**What you are asked to do:** What are the lines, copied exactly, from the one containing "Black Polka Dot" through the final line of the material? Leave the pictures out.

**Data segment:**

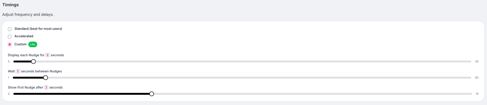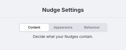 In the Behaviour tab, you can control how long Nudges appear, how quickly they appear after one another, and when the first Nudge is displayed.
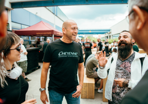 Pela segunda vez, a sede da Cheyenne em Berlim abriu as suas portas aos seus distribuidores, parceiros e artistas. Neste dia, eles puderam experimentar a produção de equipamentos de tatuagem passo a passo. Mas este ano quisemos apoiar a intercomunicação entre a Cheyenne e os nossos parceiros, pelo que oferecemos aos visitantes um programa variado.
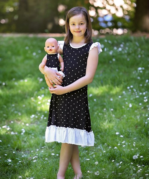 Black Polka Dot Sophia Angel-Sleeve Dress & Doll Dress
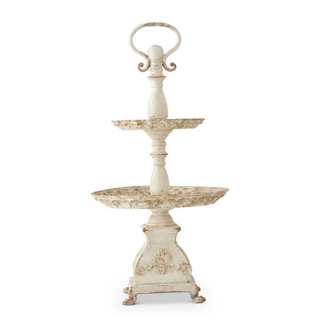 36.5 Inch White and Gold Washed Metal 2 Tiered Table

**Solution to this task:**
 Black Polka Dot Sophia Angel-Sleeve Dress & Doll Dress
 36.5 Inch White and Gold Washed Metal 2 Tiered Table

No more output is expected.